_Task:_
The records that follow are to be transcribed in full, without their images.

Records drawn from a dataset:
————
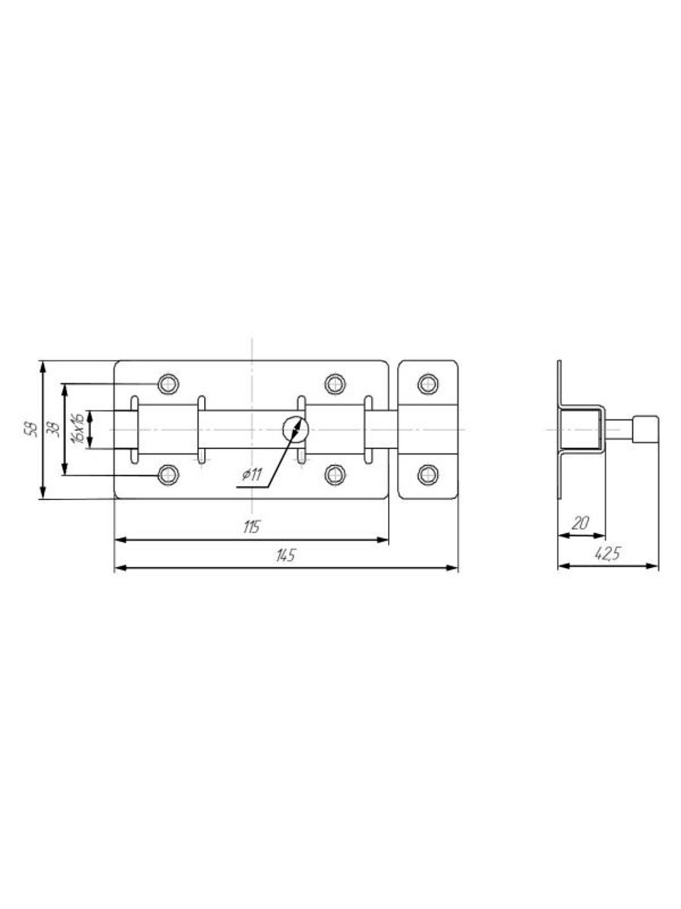 Задвижка выполнена из прочного металла с квадратным ригелем; стандартные размеры подходят для большинства дверей, цвет — серебро, артикул 2842. Толщина металла - 1.5 мм.
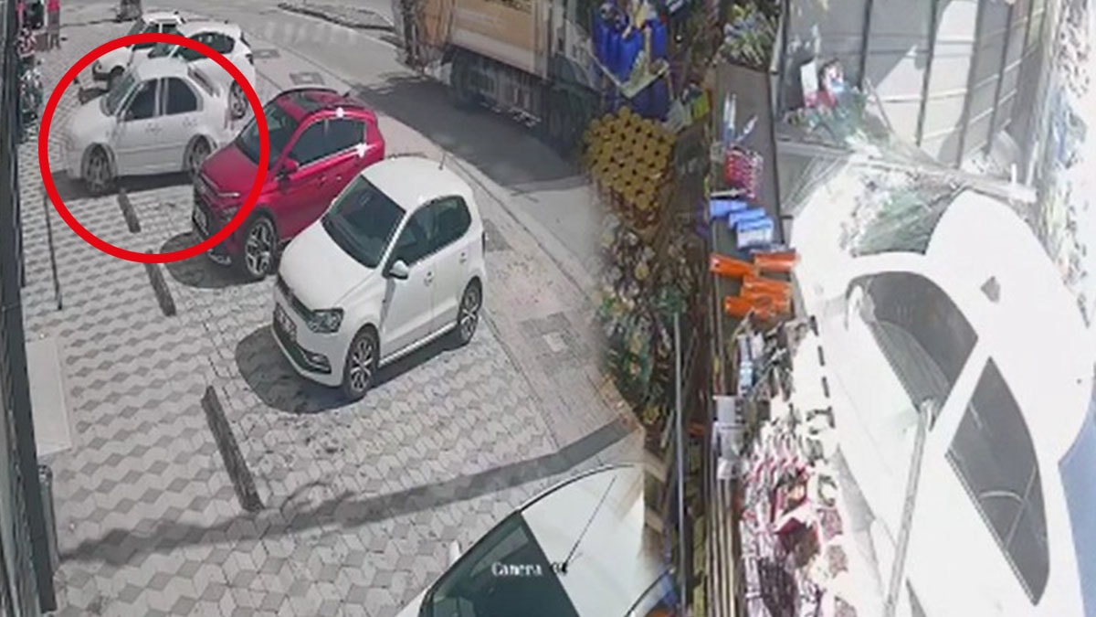 Kaza anı marketin güvenlik kamerasınca kaydedildi.
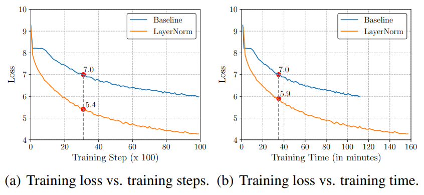 그림 1. 은 이를 보여줍니다. (a)를 보면 같은 training step에서 baseline은 7.0의 loss를 기록했을 때, LayerNorm을 적용한다면 5.4의 loss를 기록함으로써, training step의 관점에서는 LayerNorm이 1.6%p의 loss상의 이득을 볼 수 있었습니다. 하지만, (b)를 보면 baseline이 7.0의 loss를 기록할 때, LayerNorm은 5.9의 loss를 기록함으로써, LayerNorm의 계산 지연으로 인해 학습 시간의 측면에서는 1.1%p 정도의 이득만 볼 수 있었습니다.
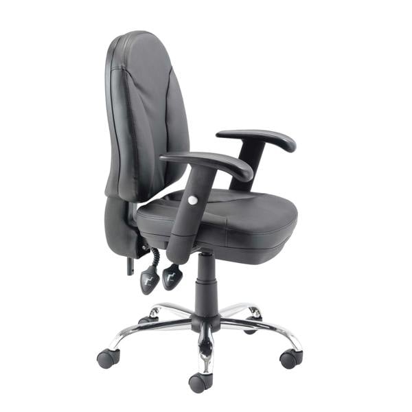 Enhance your workspace with the Stride Executive Office Chair, a premium addition to your office furniture collection. This stylish PU office chair features a generously padded seat and back, ensuring long-lasting comfort throughout your workday. The curved leather-look back promotes good posture, reducing strain and enhancing support. Its sleek chrome five-star base adds a touch of modern elegance, making it perfect for any professional or home office setting.
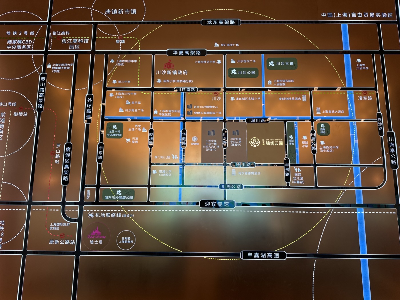 板块内有5个地铁站:如川沙地铁、凌空路地铁、华夏东路地铁等;有325个公交站:如川展路陈行牧场路、高桥路高桥支路、华萃路川滨路等。
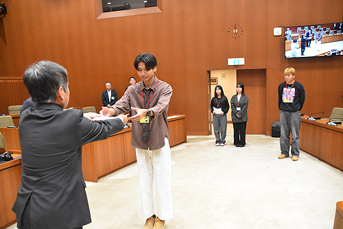 最後に議場で委嘱式があり、吉見議長が一人ひとりに委嘱状を手渡した。学生を代表して、3年生の片桐彩花さんは「貴重な機会をいただきありがとうございます。少しでも力になれるよう頑張りたい」と意気込みを語った。
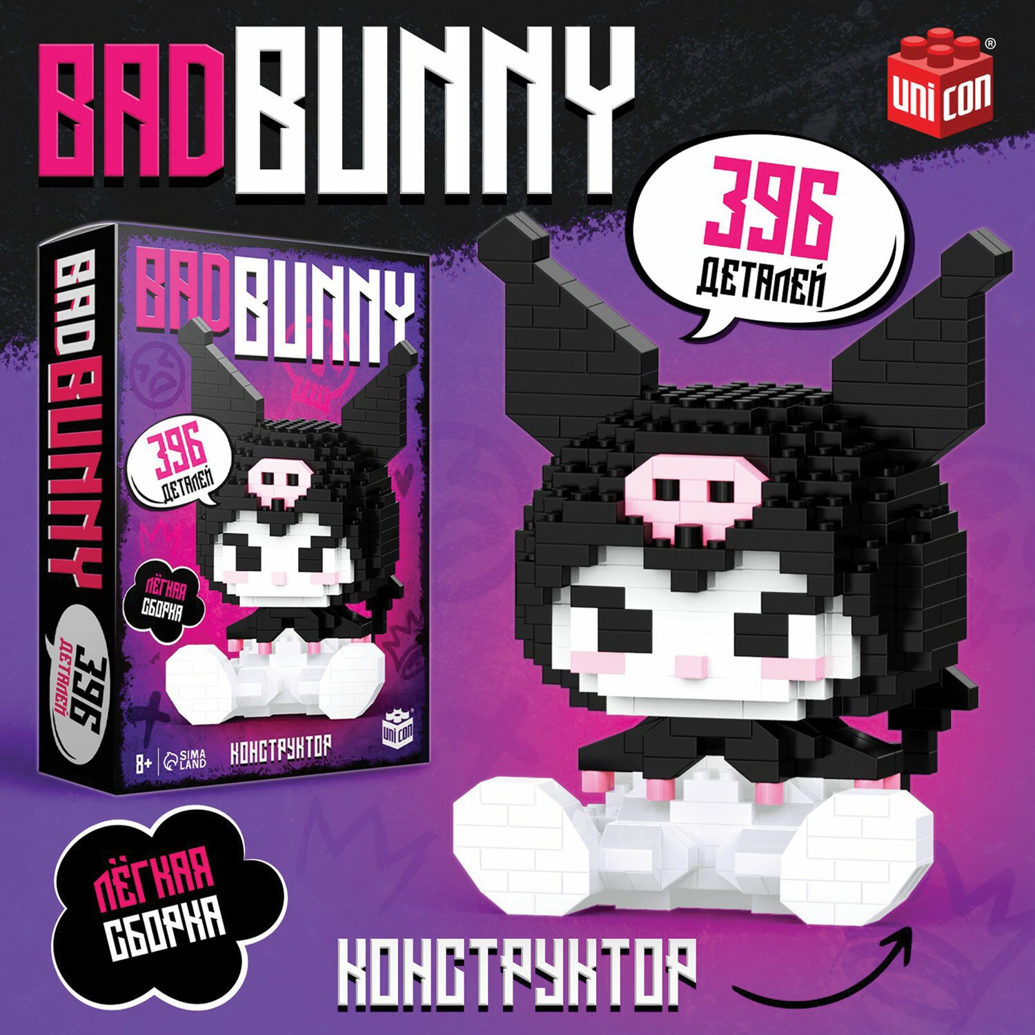 Конструктор "BadBunny" – это увлекательная игрушка для поклонников аниме и юных строителей. Несмотря на вредный характер кролика, детали просто собираются по инструкции.
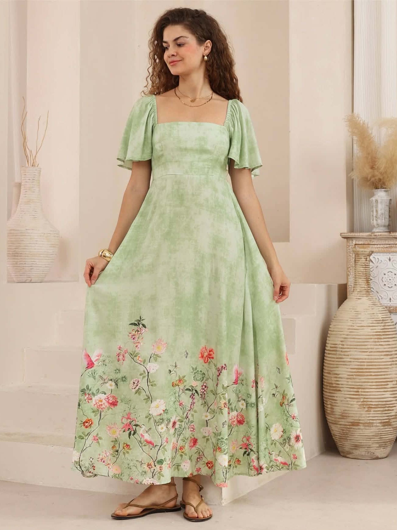 Iris Maxi Charlotte Maxi Dress with Shirred Bodice Flutter Sleeve - Laurel
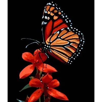 яя Картина за номерами Краса метелика на червоному цвіті на чорному фоні 30х40 см (FH-13) - Характеристики
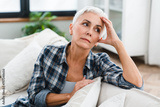 Tired sad mature woman suffering from menopause at home. Depressed exhausted Caucasian middle-aged woman missing kids, thinking about being fired abortion pension
————
_Answer for this exercise:_
 Задвижка выполнена из прочного металла с квадратным ригелем; стандартные размеры подходят для большинства дверей, цвет — серебро, артикул 2842. Толщина металла - 1.5 мм.
 Kaza anı marketin güvenlik kamerasınca kaydedildi.
 그림 1. 은 이를 보여줍니다. (a)를 보면 같은 training step에서 baseline은 7.0의 loss를 기록했을 때, LayerNorm을 적용한다면 5.4의 loss를 기록함으로써, training step의 관점에서는 LayerNorm이 1.6%p의 loss상의 이득을 볼 수 있었습니다. 하지만, (b)를 보면 baseline이 7.0의 loss를 기록할 때, LayerNorm은 5.9의 loss를 기록함으로써, LayerNorm의 계산 지연으로 인해 학습 시간의 측면에서는 1.1%p 정도의 이득만 볼 수 있었습니다.
 Enhance your workspace with the Stride Executive Office Chair, a premium addition to your office furniture collection. This stylish PU office chair features a generously padded seat and back, ensuring long-lasting comfort throughout your workday. The curved leather-look back promotes good posture, reducing strain and enhancing support. Its sleek chrome five-star base adds a touch of modern elegance, making it perfect for any professional or home office setting.
 板块内有5个地铁站:如川沙地铁、凌空路地铁、华夏东路地铁等;有325个公交站:如川展路陈行牧场路、高桥路高桥支路、华萃路川滨路等。
 最後に議場で委嘱式があり、吉見議長が一人ひとりに委嘱状を手渡した。学生を代表して、3年生の片桐彩花さんは「貴重な機会をいただきありがとうございます。少しでも力になれるよう頑張りたい」と意気込みを語った。
 Конструктор "BadBunny" – это увлекательная игрушка для поклонников аниме и юных строителей. Несмотря на вредный характер кролика, детали просто собираются по инструкции.
 Iris Maxi Charlotte Maxi Dress with Shirred Bodice Flutter Sleeve - Laurel
 яя Картина за номерами Краса метелика на червоному цвіті на чорному фоні 30х40 см (FH-13) - Характеристики
 Tired sad mature woman suffering from menopause at home. Depressed exhausted Caucasian middle-aged woman missing kids, thinking about being fired abortion pension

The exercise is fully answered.